I'll get you the recording stats momentarily...

JeffreyBoucher commented 1 month ago

The recording I am currently working with outputs:

" ConcatenateSegmentRecording: 384 channels - 30.0kHz - 1 segments - 341,317,801 samples 11,377.26s (3.16 hours) - int16 dtype - 244.13 GiB "

It's a set of concatenated recordings taken over a period of about a week and a half.

Thanks for your help!

Jeff Boucher

zm711 commented 1 month ago

Could you try running just one of the recordings and see if that works with n_jobs. I remember vaguely that we had a problem with certain concatenations so I would like to test this.

@h-mayorquin do you remember this too? That giant concatenations were causing problems with multiprocessing?

the issue with this is the best way for us to fix this is to have the data to try to fix it with but sharing ~250 GB is a non-trivial thing :)

Maybe @samuelgarcia or @alejoe91 also have opinions about why multiprocessing is failing with concatenation (and they both use linux!).

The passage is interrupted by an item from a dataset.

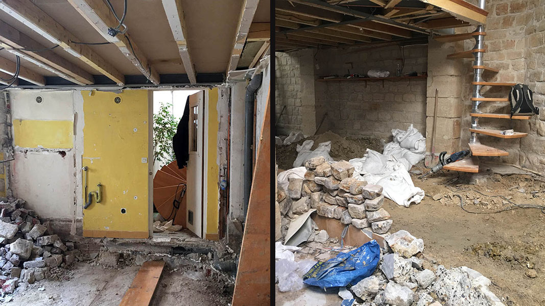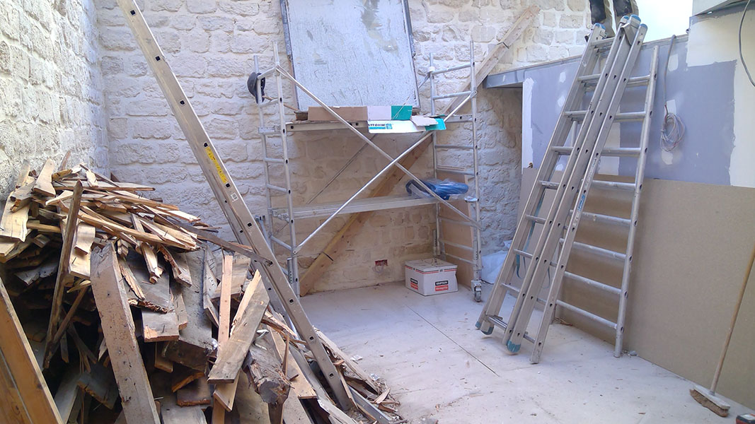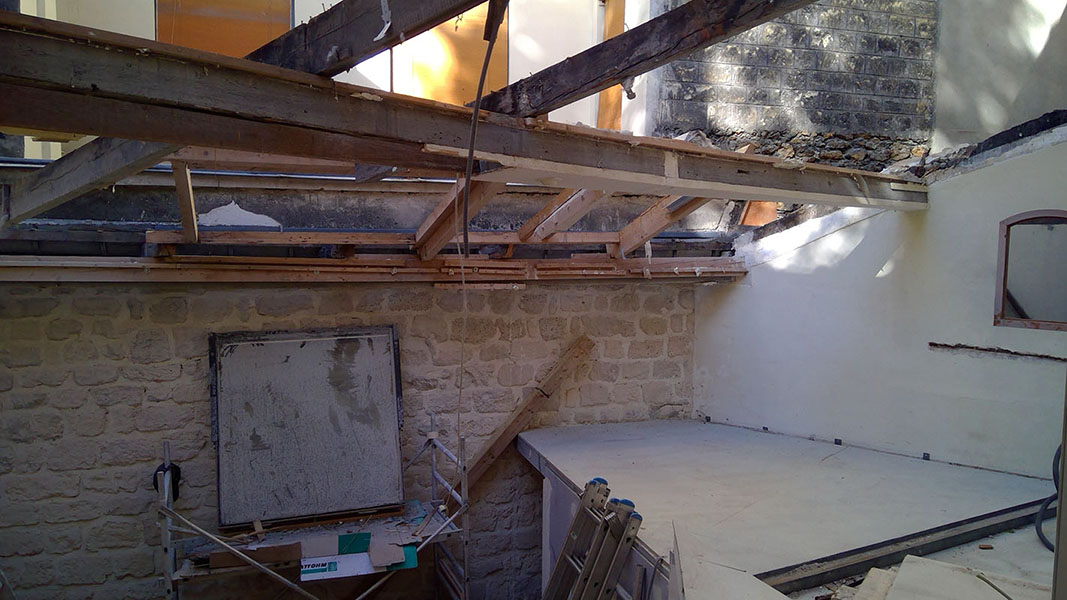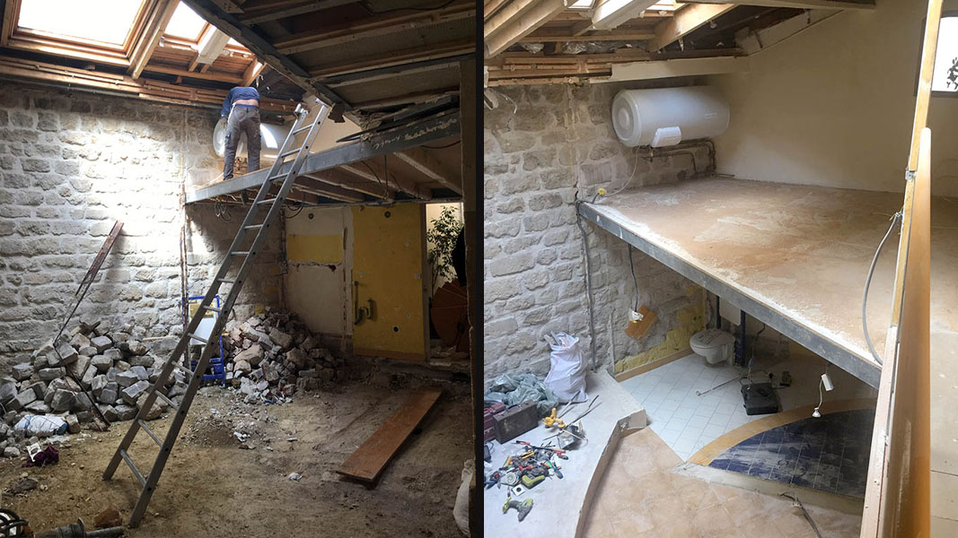 Les travaux de démolition ont mis l’espace à nu, toiture, cloisons, la dalle du Rdc décaissée de 20 cm… soit au total 35 m3 de gravats !

samuelgarcia commented 1 month ago

Salut. Are you running the script using slurm ? In my lab, the slurm kill jobs because the way slurm is counting memory is wrong. With shared mem, every process is memory is cumulated that overflow the slurm limits but the real machine limits is OK. Can could test with less process and more thread ? n_jobs=6, max_thread_perprocess=8 for instance ?

JeffreyBoucher commented 4 weeks ago

Hello!

I'll run a single session dataset overnight tonight.

We are not using slurm; the cluster seems to be using "SGE 8.1.9", which stands for "Sun Grid Engine". I don't know if there would be a similar problem with this; I'll try to do the single session dataset first

JeffreyBoucher commented 3 weeks ago

Hello!

In fact I ran into a bug which I think is on my end; I'm going to de-prioritize this for a bit, since I was able to get it working by turning off parallel processing I want to get that started on my real dataset, but afterward I'll get back to this (within a week)

Thanks for your help!

Jeff Boucher

samuelgarcia commented 3 weeks ago

Maybe SGE is killing your job because using too much ram. Could you increase the mem when submiting the job ?

JeffreyBoucher commented 3 weeks ago

Hello

Parallel processing worked fine for a single session; for that and other reasons, I think that the suggestion to request more RAM for my jobs is a good one. I'll try it!

Thanks,

Jeff